Legend has it that there is so much drug money flowing around the world that, during the 2008 financial crash, the American financial system was largely kept afloat by hundreds of billions in cold hard cash from illegal drug sales. In 2019, Caulkins co-published a paper that found Americans spend nearly $150 billion on cannabis, cocaine, heroin, and methamphetamine in just one year. That’s 7 billion dollars shy of what we spend on alcohol.

Caulkins is frequently asked to consult on these complex problems for government agencies. What does he tell local and federal governments who wonder what on earth can be done to save lives?
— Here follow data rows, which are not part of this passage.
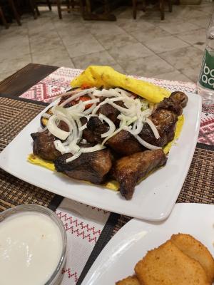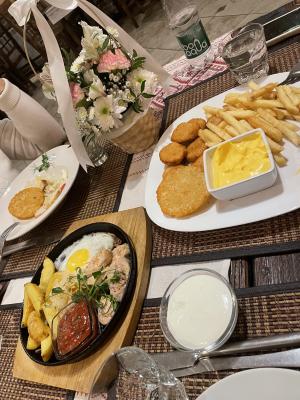 Салат "Цезарь с курицей" (200 г) - 1 порция Салат "Греческий" (200 г) - 1 порция Шипящая сковородка (330 г) - 1 порция Драники со сметаной (250 г) - 1 порция Десерт (на выбор, 150 г) - 2 порции |
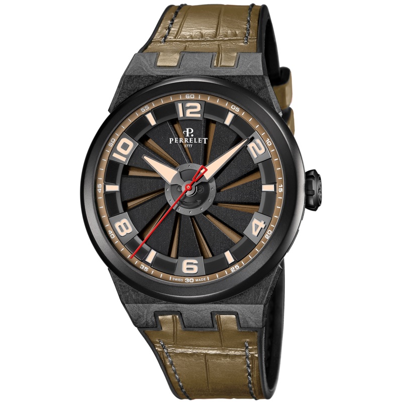 Perrelet Watch Turbine Carbon Khaki A4065/8. The Turbine Carbon Khaki is the perfect balance between discretion and presence. Its characteristic turbine mounted on a khaki subdial offers a less conventional and more earthy design, ideal for lovers of the classic who do not compromise on modernity. The robust and lightweight case of this watch is designed to accompany both everyday activities and more demanding adventures. The calfskin strap with khaki detailing reflects a commitment to comfort and style, ensuring that this watch is both a practical companion and a distinctive accessory.
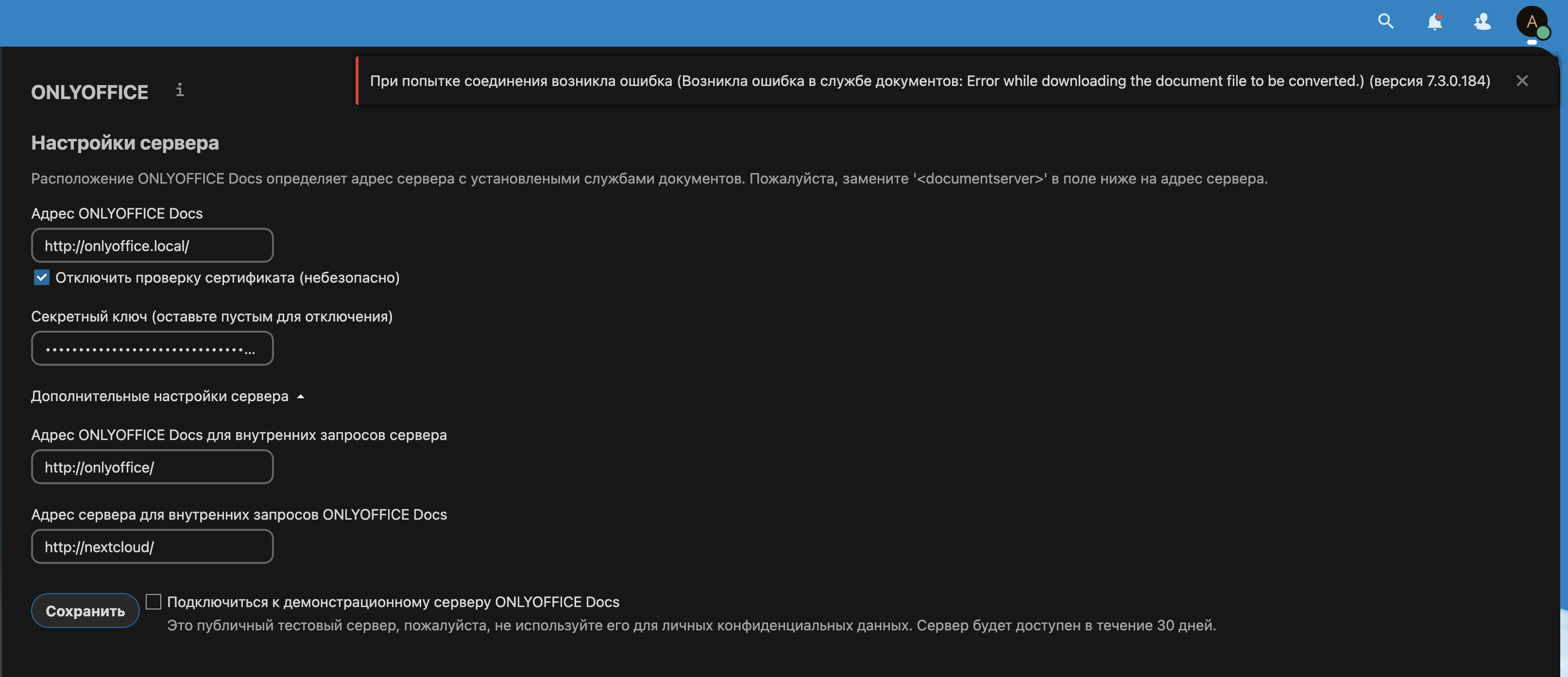 [2023-02-28T09:42:10.484] [ERROR] [localhost] [conv_check_878523943_docx] [userId] nodeJS - error downloadFile:url=http://nextcloud.local/apps/onlyoffice/empty?doc=eyJ0eXAiOiJKV1QiLCJhbGciOiJIUzI1NiJ9.eyJhY3Rpb24iOiJlbXB0eSJ9.p-8J2ZjLloCQaTfw5SVgL6Twi7mkWydBKB5Cd09jsLY;attempt=2;code:undefined;connect:undefined Error: Error response: statusCode:404; headers:{"server":"nginx","date":"Tue, 28 Feb 2023 09:42:10 GMT","content-type":"text/html; charset=utf-8","transfer-encoding":"chunked","connection":"keep-alive","vary":"Accept-Encoding","content-security-policy":"default-src 'none'","x-content-type-options":"nosniff","content-encoding":"gzip"};
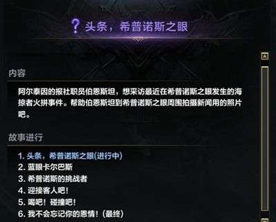8、前往格拉比斯度假村,依据指引完结岛上悉数使命,0难度,一起接取到接连紫色系列使命:头条,希普诺斯之眼。
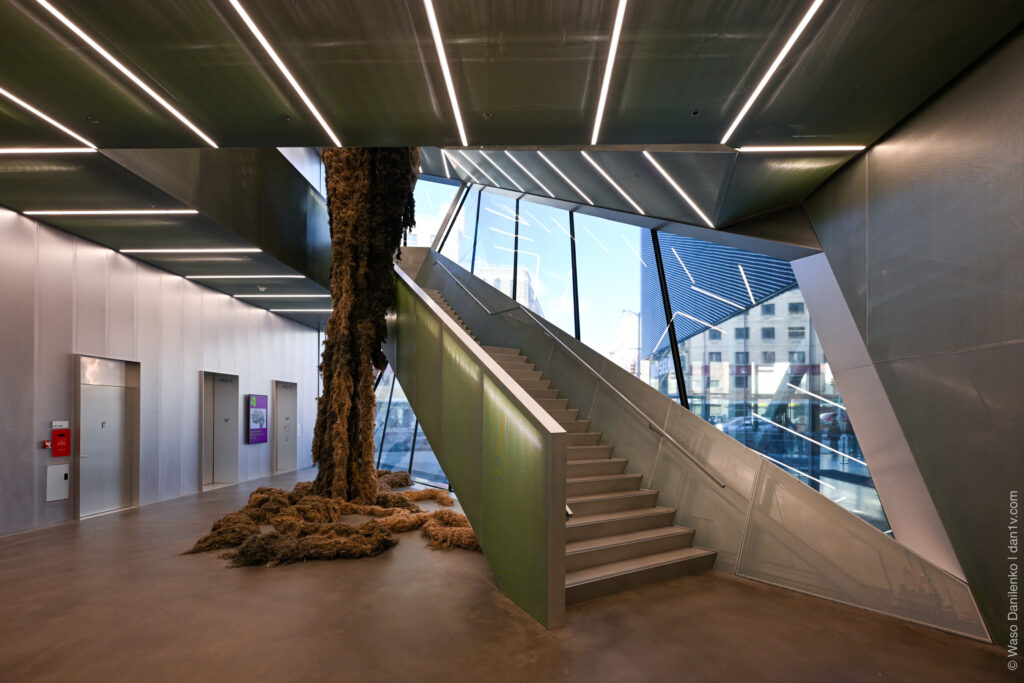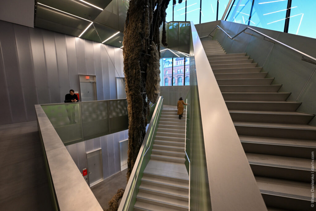 К сожалению, открытая терраса на седьмом этаже и другие пока еще закрыты до начала летнего сезона, так что наслаждаться видом города можно только через стекло. Все этажи соединяет невероятная лестница-атриум и это, пожалуй, главное архитектурное впечатление от нового здания-дополнения бюро OMA.
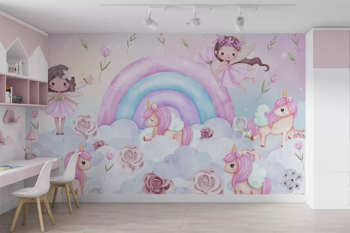 Тапете за зид Виле и једнорози међу облацима и дугама бр. w04371
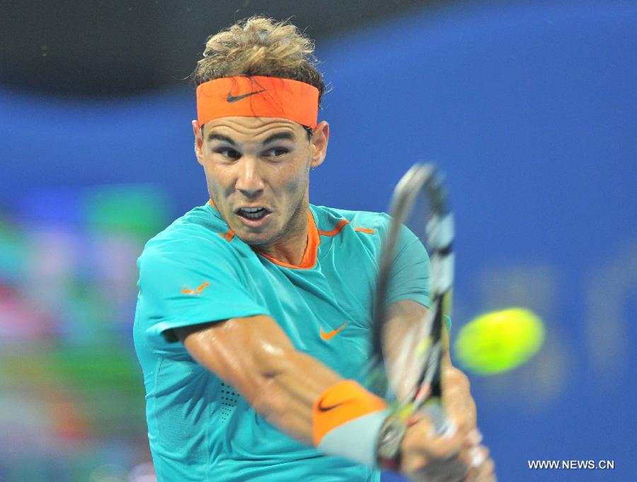Rafael Nadal of Spain returns the ball during the men's singles quarterfinal match against Martin Klizan of Slovakia at the China Open tennis tournament in Beijing, China, Oct. 3, 2014. Nadal lost 1-2. (Xinhua/Li Wen)
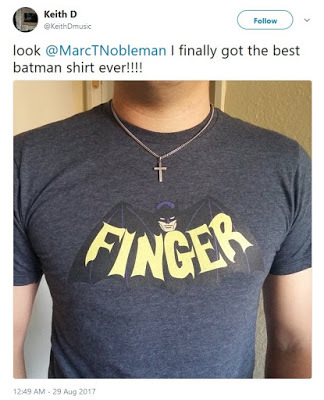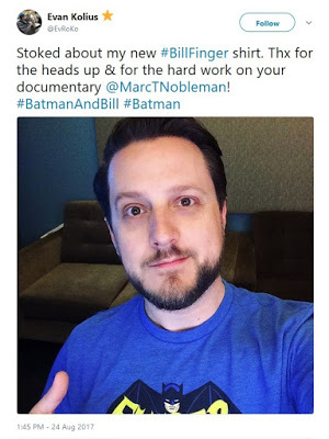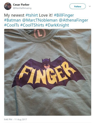 In the final scene of the documentary Batman & Bill, I am wearing a Bill Finger T-shirt. (I have also forced a shirt on each member of my family.) Since the film premiered in May 2017, I have been tweeting where to get one for yourself. Some have, and tweeted a photo of it.
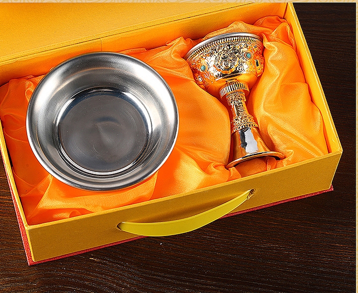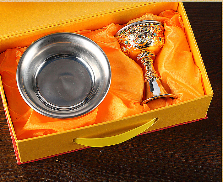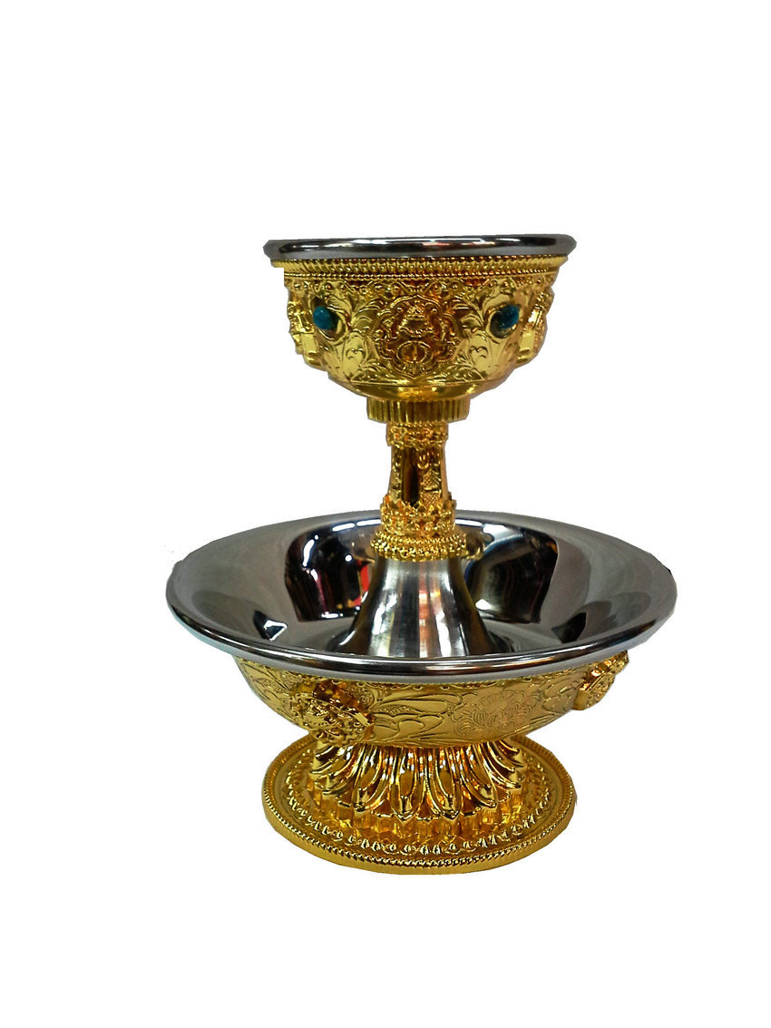 Bộ Ly Cúng Dường Hộ Pháp Tây Tạng Đế Rời_Chất liệu Hợp Kim Xi Vàng (dưới 6x11cm/ trên 10x6,5cm)
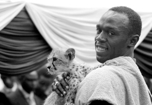 11月2日,牙买加“飞人”博尔特在肯尼亚野生动物中心收养了一只3个月大的小猎豹,取名为“闪电博尔特”。图为博尔特怀抱小猎豹。 新华社发

He said, “When I talk to people, we typically go through a conversation where I’ll say, ‘This doesn’t work that well, and this doesn’t work that well.’ And they’ll say, ‘OK, Professor Caulkins, smarty-pants, what should we do?’ ”

His answer is depressing. “I’m deeply pessimistic of the people who now have opioid use disorder and are purchasing illegal opioids,” he said bluntly. “I think if we do everything right, still an awful lot of people are going to die. This is a horrible situation for which we do not really have a fix.”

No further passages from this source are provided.